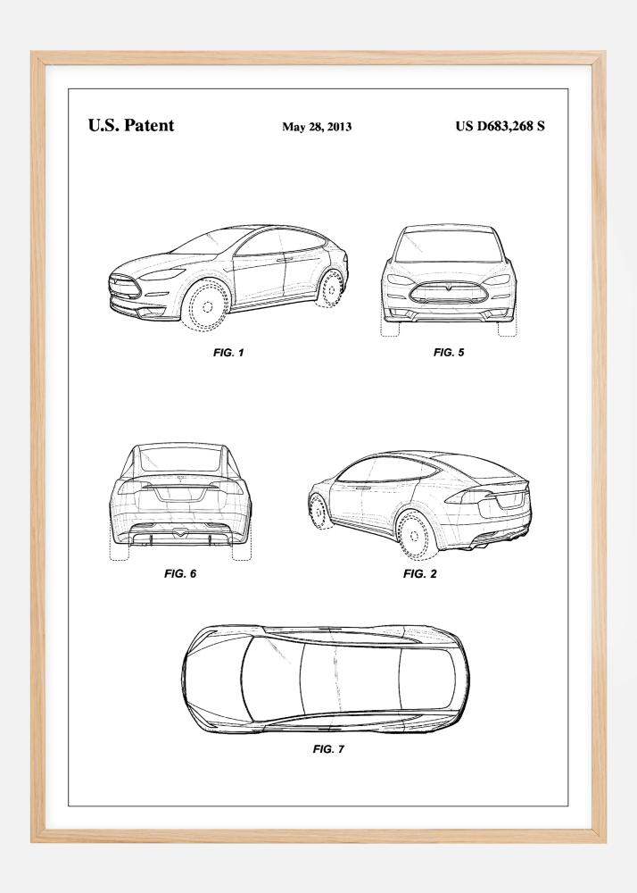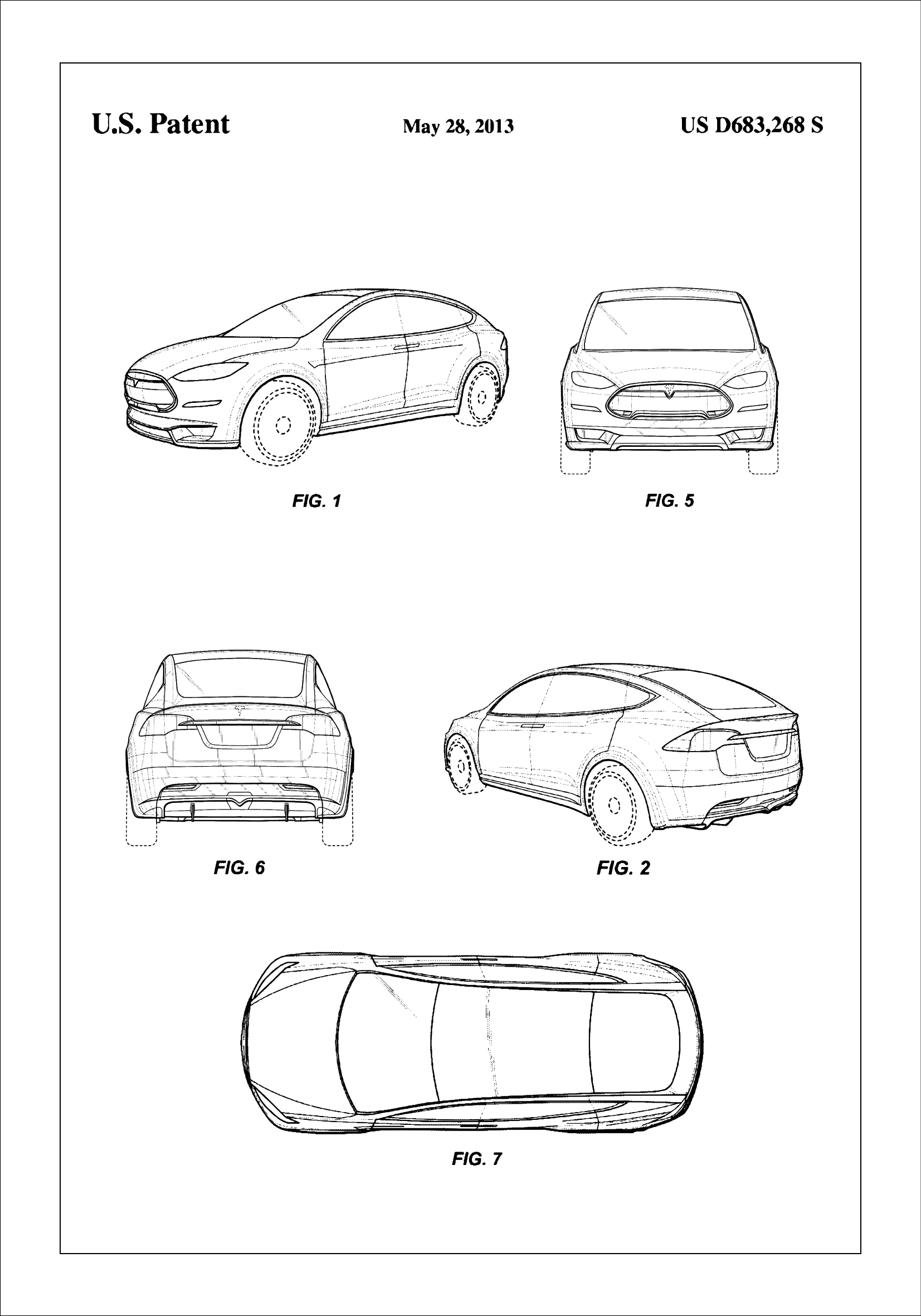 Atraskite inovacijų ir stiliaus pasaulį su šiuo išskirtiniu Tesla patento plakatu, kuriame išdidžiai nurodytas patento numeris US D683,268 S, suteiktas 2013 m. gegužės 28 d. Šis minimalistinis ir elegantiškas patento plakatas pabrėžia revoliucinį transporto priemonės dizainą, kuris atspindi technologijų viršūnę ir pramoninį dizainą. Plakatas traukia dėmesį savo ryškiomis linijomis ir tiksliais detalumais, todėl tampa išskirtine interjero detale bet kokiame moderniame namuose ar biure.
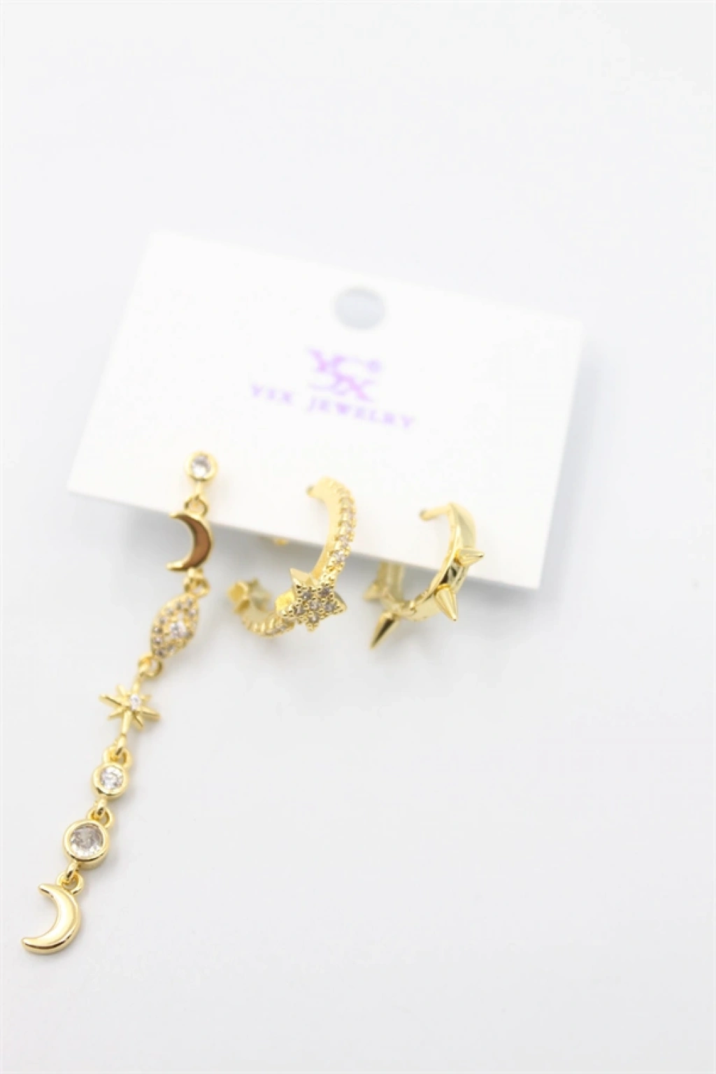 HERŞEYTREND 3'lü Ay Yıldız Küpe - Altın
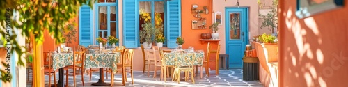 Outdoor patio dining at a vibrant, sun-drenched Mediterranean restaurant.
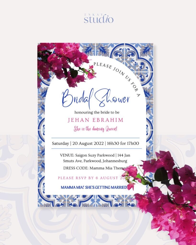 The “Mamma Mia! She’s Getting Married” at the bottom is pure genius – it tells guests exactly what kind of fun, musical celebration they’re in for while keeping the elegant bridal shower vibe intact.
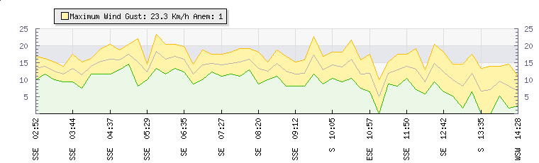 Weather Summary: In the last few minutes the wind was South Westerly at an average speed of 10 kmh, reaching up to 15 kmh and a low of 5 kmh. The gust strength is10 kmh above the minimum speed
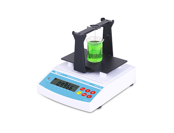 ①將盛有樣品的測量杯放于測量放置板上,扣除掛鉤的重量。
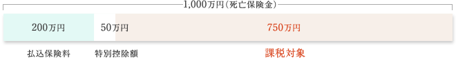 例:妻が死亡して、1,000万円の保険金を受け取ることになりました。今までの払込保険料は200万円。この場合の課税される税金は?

EXERCISE: What you give back must match the material word for word, with no images included.

TASK ANSWER:
 Atraskite inovacijų ir stiliaus pasaulį su šiuo išskirtiniu Tesla patento plakatu, kuriame išdidžiai nurodytas patento numeris US D683,268 S, suteiktas 2013 m. gegužės 28 d. Šis minimalistinis ir elegantiškas patento plakatas pabrėžia revoliucinį transporto priemonės dizainą, kuris atspindi technologijų viršūnę ir pramoninį dizainą. Plakatas traukia dėmesį savo ryškiomis linijomis ir tiksliais detalumais, todėl tampa išskirtine interjero detale bet kokiame moderniame namuose ar biure.
 HERŞEYTREND 3'lü Ay Yıldız Küpe - Altın
 Outdoor patio dining at a vibrant, sun-drenched Mediterranean restaurant.
 The “Mamma Mia! She’s Getting Married” at the bottom is pure genius – it tells guests exactly what kind of fun, musical celebration they’re in for while keeping the elegant bridal shower vibe intact.
 Weather Summary: In the last few minutes the wind was South Westerly at an average speed of 10 kmh, reaching up to 15 kmh and a low of 5 kmh. The gust strength is10 kmh above the minimum speed
 ①將盛有樣品的測量杯放于測量放置板上,扣除掛鉤的重量。
 例:妻が死亡して、1,000万円の保険金を受け取ることになりました。今までの払込保険料は200万円。この場合の課税される税金は?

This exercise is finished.